UN ESQUELETO FOSFORESCENTE FRENTE A MI CAMA


Por Francisco Güemes Priego
Siempre he sido una persona nerviosa, aunque nunca tanto como en esos días. Sólo era un niño de ocho años. Sin embargo, no puedo evitar que se me erice la piel cada que recuerdo la profunda oscuridad que me rodeaba entonces.
No podía dormir. Mis sueños estaban plagados de monstruos, miedos y amenazas. Cada noche quería irme al cuarto de mi mamá. Pero ya era un niño grande y tenía que dormir solo, eso era lo que ella me decía.
Mi más horrible pesadilla fue cuando abrí los ojos y vi un esqueleto fosforescente frente a mi cama. Estaba ahí, inmóvil, mirándome con sus ojos vacíos. Han pasado más de 20 años, pero aún recuerdo su huesuda figura a la perfección, aún siento escalofríos. Pase las siguientes noches con los ojos abiertos, atento sólo al tic tac del despertador: 4:30, 4:35, 4:40, no amanecía.
Una angustia terrible me dominaba durante las horas en que se ocultaba el sol. Entonces, mi mamá decidió añadir a la escuela, el catecismo y la natación, sesiones semanales con Telma, una psicóloga.
Al principio me entendí bien con ella, pero pasaron las semanas y no había mejoría con respecto a mis terrores nocturnos. Todo empeoró cuando vi Candyman, una horrible película de un hombre con un gancho en la mano que aparecía si decías tres veces su nombre frente al espejo.

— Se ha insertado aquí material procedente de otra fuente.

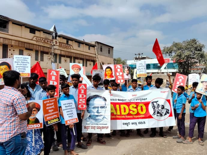 ಬಳ್ಳಾರಿ: ಕೆಪಿಎಸ್- ಮ್ಯಾಗ್ನೆಟ್ ಶಾಲೆಗಳಡಿ ಸುತ್ತಲಿನ ಶಾಲೆಗಳ ವಿಲೀನದೊಂದಿಗೆ 25 ಸಾವಿರಕ್ಕೂ ಅಧಿಕ ಸರ್ಕಾರಿ ಶಾಲೆಗಳಿಗೆ ಕಂಟಕ ತಂದೊಡ್ಡಿರುವ ರಾಜ್ಯ ಸರ್ಕಾರದ ನಡೆ ಖಂಡಿಸಿ ಅಖಿಲ ಭಾರತ ಪ್ರಜಾಸತ್ತಾತ್ಮಕ ವಿದ್ಯಾರ್ಥಿ ಒಕ್ಕೂಟ (ಎಐಡಿಎಸ್ಒ) ನೇತೃತ್ವದಲ್ಲಿ ನಗರದಲ್ಲಿ ಪ್ರತಿಭಟನೆ ನಡೆಯಿತು.

Ante la continuidad de mis insomnios, que afectaban ya mi rendimiento escolar, mi mamá decidió llevarme con un neurólogo. El especialista me recetó un medicamento llamado Melleril. Funcionaba como magia. Una cucharadita en las noches y yo dormía a la perfección, sin gritos ni sobresaltos.

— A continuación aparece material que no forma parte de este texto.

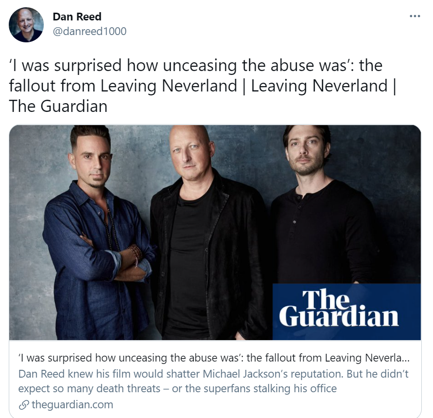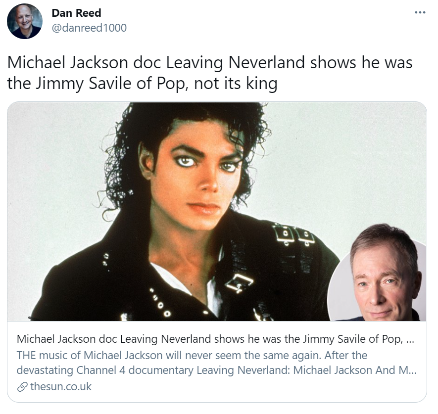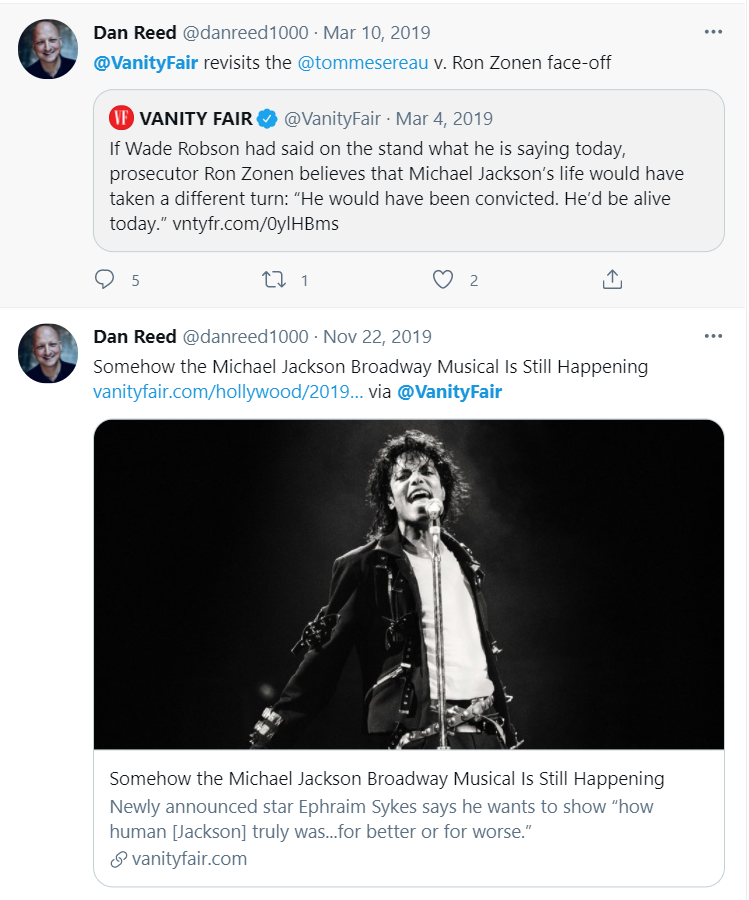Note how Dan likewise shares Vanity Fair stories about MJ on Twitter.

Ya sin temor a la noche y sus espectros, la escuela era lo único ominoso que debía enfrentar. No obstante, descansando las horas necesarias, era más fácil sobrellevar aquellas tediosas horas en el colegio, rodeado de compañeros burlones y maestras demasiado estrictas.
Cuando llevaba seis meses tomando el Melleril, el neurólogo ordenó suspender el medicamento. Según su diagnóstico, yo ya estaba bien.
Vino entonces el horror. Ya no sólo acechaban en la oscuridad, los monstruos estaban al alcance de mis ojos. Mi mamá no sabía qué hacer, la mayoría de las noches me dejaba ir a dormirme a su cuarto, en un colchón bajo su cama, sin embargo, los gritos y terrores continuaban.
No parecía haber salida, entonces, una amiga de mi mamá le recomendó que visitara al dr. Andrade, un homeópata.
En pocos días y, por increíble que parezca, los horrores, los engendros se diluyeron en chochitos de azúcar, cinco antes de cada comida. Por eso, para aquellos que creen que la homeopatía no es más que una superstición y que quienes la ejercen sólo son charlatanes, yo les tengo que decir que no. He experimentado sus milagros en carne propia, salvándome del horror.